● EXERCISE DESCRIPTION: Print the data exactly as written, but leave out each picture.

Extracted records
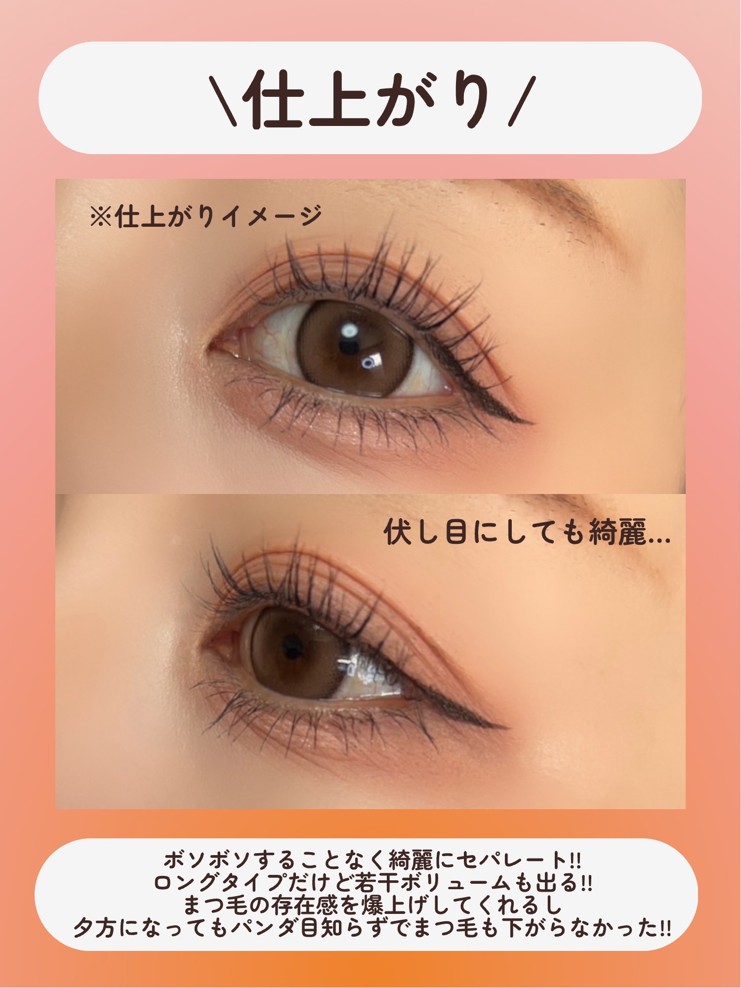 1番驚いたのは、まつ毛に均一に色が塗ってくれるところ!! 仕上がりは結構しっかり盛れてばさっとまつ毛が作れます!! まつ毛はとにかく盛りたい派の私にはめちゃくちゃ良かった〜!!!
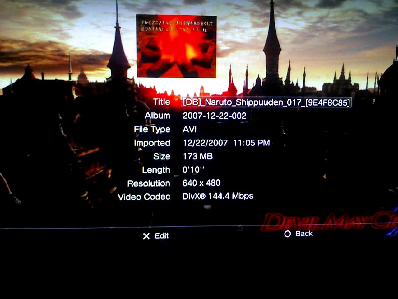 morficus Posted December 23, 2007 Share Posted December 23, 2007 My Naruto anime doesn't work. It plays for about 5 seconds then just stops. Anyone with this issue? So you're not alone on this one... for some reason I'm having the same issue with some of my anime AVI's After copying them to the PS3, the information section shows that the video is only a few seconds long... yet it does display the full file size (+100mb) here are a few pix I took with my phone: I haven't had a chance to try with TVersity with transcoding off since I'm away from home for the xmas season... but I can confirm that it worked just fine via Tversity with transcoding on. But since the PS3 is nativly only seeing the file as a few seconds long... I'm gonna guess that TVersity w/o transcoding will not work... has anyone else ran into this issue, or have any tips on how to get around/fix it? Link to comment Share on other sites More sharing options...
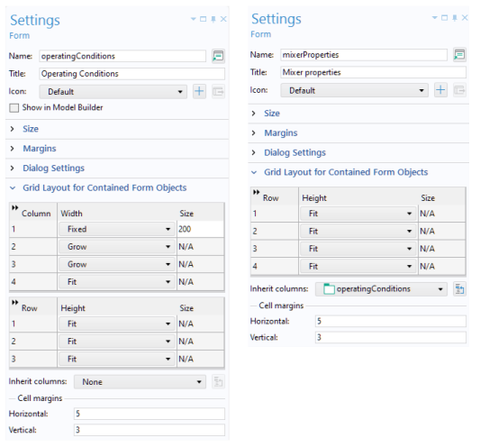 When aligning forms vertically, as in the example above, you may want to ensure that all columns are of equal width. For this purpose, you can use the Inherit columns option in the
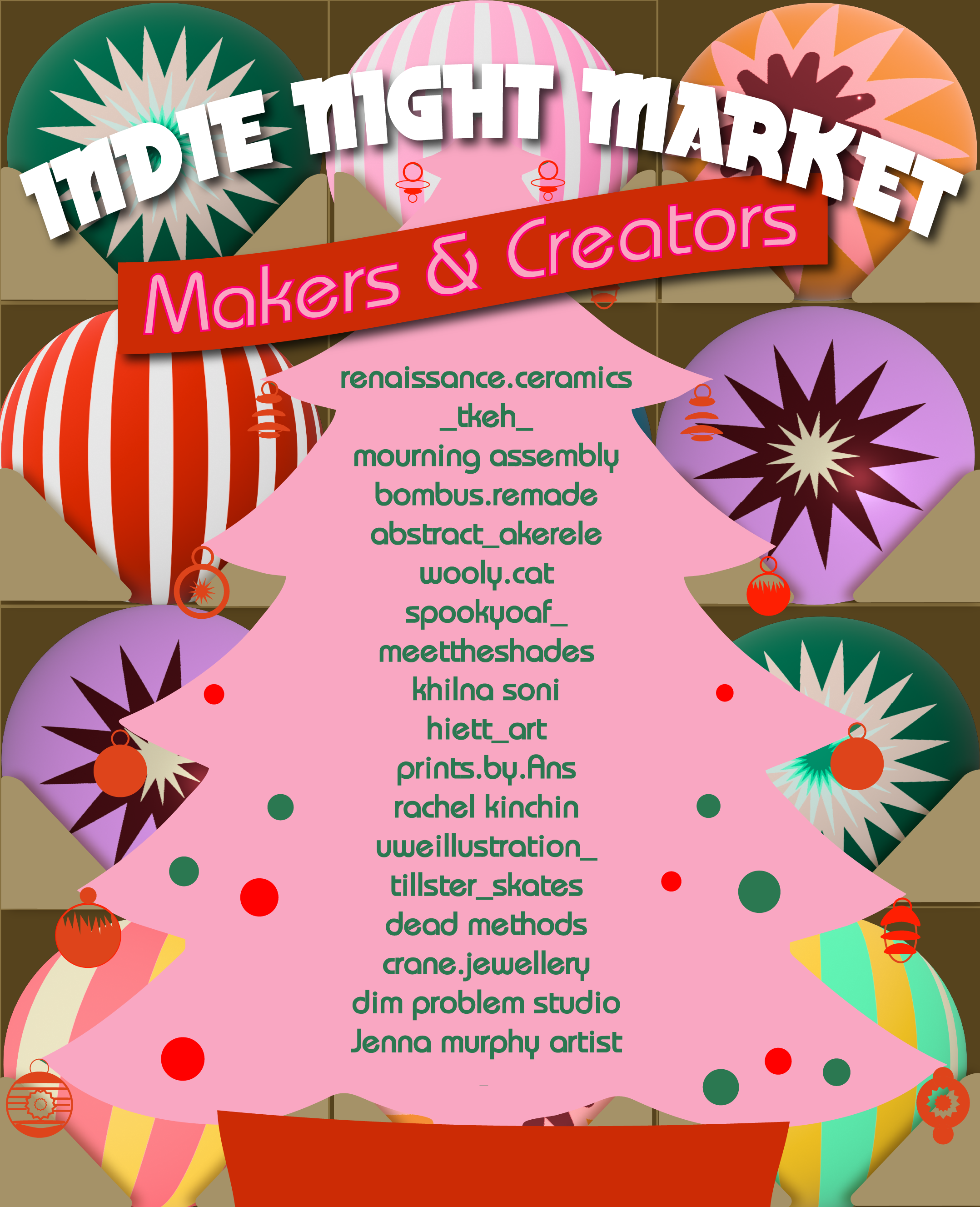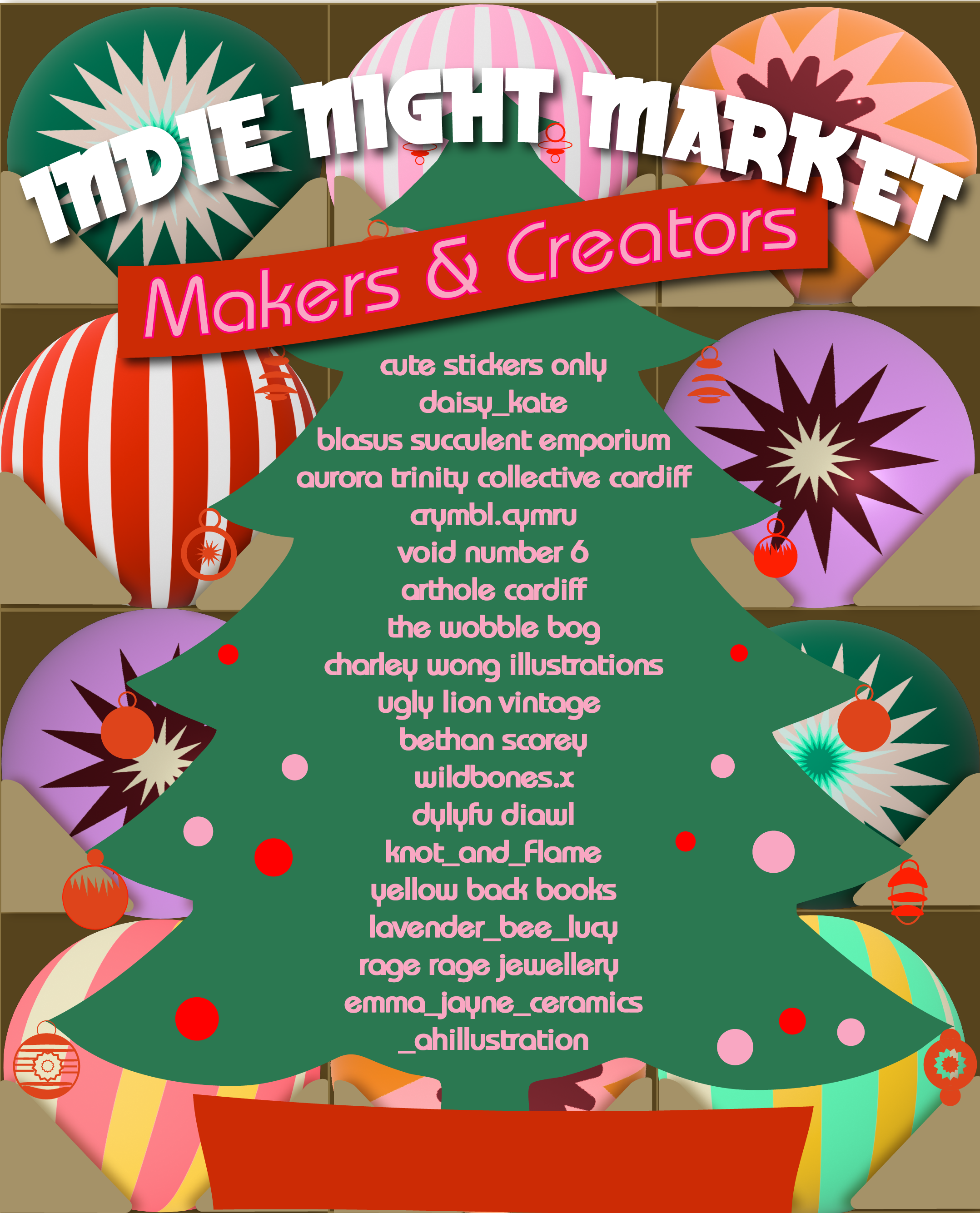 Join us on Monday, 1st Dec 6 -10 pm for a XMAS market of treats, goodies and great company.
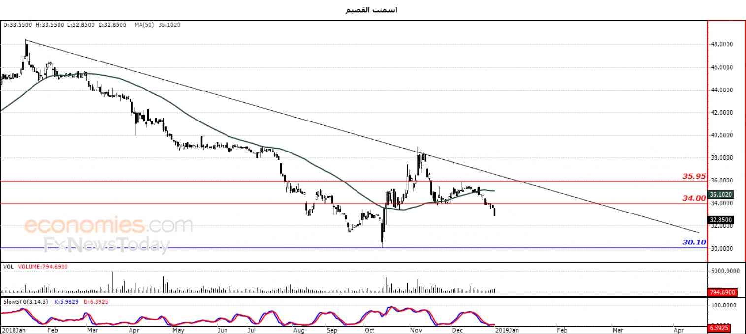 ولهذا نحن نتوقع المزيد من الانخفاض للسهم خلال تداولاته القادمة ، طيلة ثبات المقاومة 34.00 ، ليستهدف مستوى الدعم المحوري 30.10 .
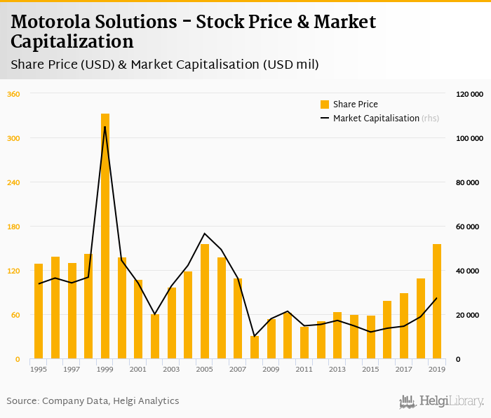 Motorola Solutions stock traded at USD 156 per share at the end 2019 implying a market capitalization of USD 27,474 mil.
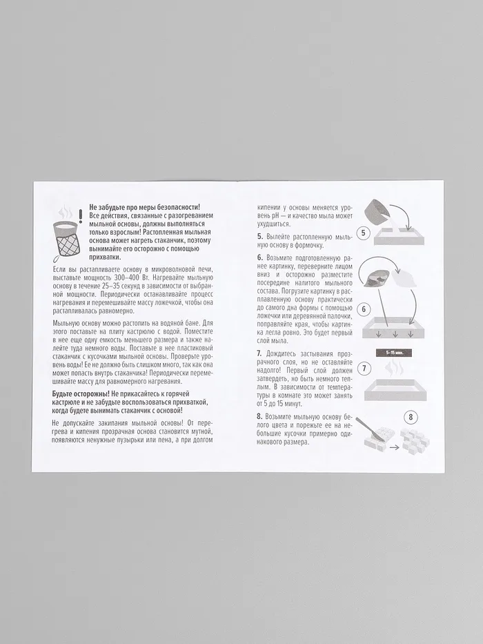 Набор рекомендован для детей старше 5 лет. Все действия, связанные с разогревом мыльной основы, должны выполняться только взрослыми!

● OUTPUT BELOW:
 1番驚いたのは、まつ毛に均一に色が塗ってくれるところ!! 仕上がりは結構しっかり盛れてばさっとまつ毛が作れます!! まつ毛はとにかく盛りたい派の私にはめちゃくちゃ良かった〜!!!
 morficus Posted December 23, 2007 Share Posted December 23, 2007 My Naruto anime doesn't work. It plays for about 5 seconds then just stops. Anyone with this issue? So you're not alone on this one... for some reason I'm having the same issue with some of my anime AVI's After copying them to the PS3, the information section shows that the video is only a few seconds long... yet it does display the full file size (+100mb) here are a few pix I took with my phone: I haven't had a chance to try with TVersity with transcoding off since I'm away from home for the xmas season... but I can confirm that it worked just fine via Tversity with transcoding on. But since the PS3 is nativly only seeing the file as a few seconds long... I'm gonna guess that TVersity w/o transcoding will not work... has anyone else ran into this issue, or have any tips on how to get around/fix it? Link to comment Share on other sites More sharing options...
 When aligning forms vertically, as in the example above, you may want to ensure that all columns are of equal width. For this purpose, you can use the Inherit columns option in the
 Join us on Monday, 1st Dec 6 -10 pm for a XMAS market of treats, goodies and great company.
 ولهذا نحن نتوقع المزيد من الانخفاض للسهم خلال تداولاته القادمة ، طيلة ثبات المقاومة 34.00 ، ليستهدف مستوى الدعم المحوري 30.10 .
 Motorola Solutions stock traded at USD 156 per share at the end 2019 implying a market capitalization of USD 27,474 mil.
 Набор рекомендован для детей старше 5 лет. Все действия, связанные с разогревом мыльной основы, должны выполняться только взрослыми!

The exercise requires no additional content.